Here is the question worth sitting with: what difference do any of those things make when viewed through any lens other than relationship? How am I supposed to have peace with someone if I don't have a relationship with them? What difference does patience make if it's only directed inward? Kindness toward myself alone? These are relational terms. They were never meant to be measured in isolation. They grow and become visible in the context of how we live with one another.
Love Without Relationship Is Nothing
Paul drives this point even further in his letter to the Corinthians. First Corinthians 13 is often called the love chapter, and most of us have heard it read at weddings. But it was not written to a couple on their wedding day. It was written to a local church. Listen to it through the lens of relationship:
"If I could speak all the languages of earth and of angels, but didn't love others, I would only be a noisy gong or a clanging cymbal. If I had the gift of prophecy, if I understood all of God's secret plans and possessed all knowledge, and if I had such faith that I could move mountains, but didn't love others, I would be nothing. If I gave everything I have to the poor and even sacrificed my body, I could boast about it, but if I didn't love others, I would have gained nothing" (1 Corinthians 13:1-3).
Think about that for a moment. Did you ever consider that you could do something really genuine for someone else and not love them in doing it? Paul says if you gave all of your possessions to the poor, the world around you would look at you and think, "This person is spiritually mature. They get it." But Paul says if you do that without loving others, it actually profits you, nor them, anything.
Don't Miss What Matters Most
Here is the significance of all of this. If we've been to church our entire lives, if we've taught Sunday school, if we've read hundreds of books on Scripture, if we have degrees from seminaries, if we never miss the weekend, if we attend every men's and women's Bible study and every event that anyone offers, but we don't value pursuing and loving others and living in relationship with God and each other, we've absolutely missed it.

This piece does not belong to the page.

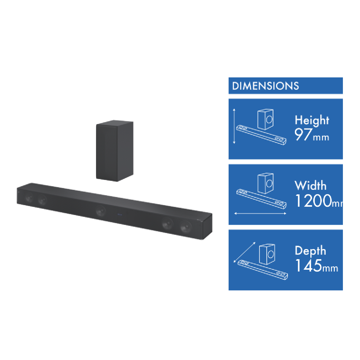 Elevate your home entertainment with the powerful LG 5.1Ch 800W Soundbar. With a sleek black design this soundbar delivers an immersive audio experience thanks to 5.1 channels and a thumping 800W total output. DTS Virtual:X technology transports you right into the action with lifelike surround sound. AI Sound Pro optimizes audio for whatever you're watching. Stream all your favorite music services via Bluetooth 4.2 connectivity. The advanced AI processor enhances audio quality across 6 sound modes. Optical and USB inputs provide seamless device connectivity. At 1200mm wide this soundbar fits perfectly below today's larger TVs. The 5.3kg wireless subwoofer adds deep bass you can feel. With the LG 1 year warranty you can enjoy room-filling sound with confidence. Experience movie magic music and more with the LG 5.1Ch 800W Soundbar. The manufacturer's part number for this product is SH7Q. Bring home cinema sound home today.
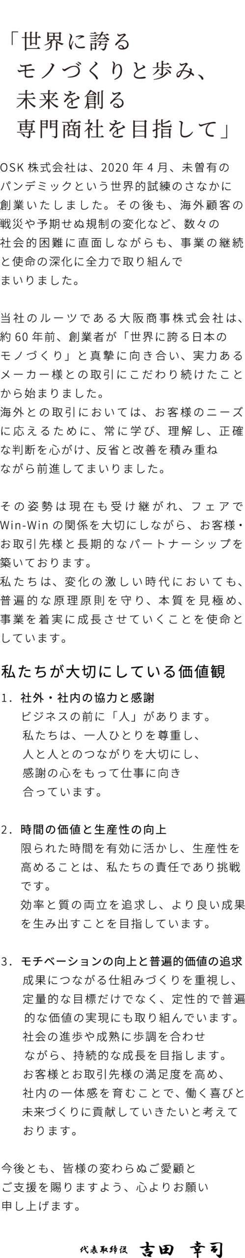 当社のルーツである大阪商事株式会社は、約60年前、創業者が「世界に誇る日本のモノづくり」と

Part of developing your spiritual engine is growing in the understanding that the reason God gives you His Word is so that He can put His character on display. He shows you what matters to Him. And from the very beginning, through all of the pages of the Old and the New Testament, it is very clearly laid out: relationship with God, relationship with others. You see it in the design. You see it in the spiritual fruit. All throughout Scripture, the biblical foundation for relationship is unmistakable.
The question for each of us is whether we are building our lives on that foundation, or whether we've been so busy with religious activity that we've forgotten the whole point. Love God. Love people. Everything else hangs on that.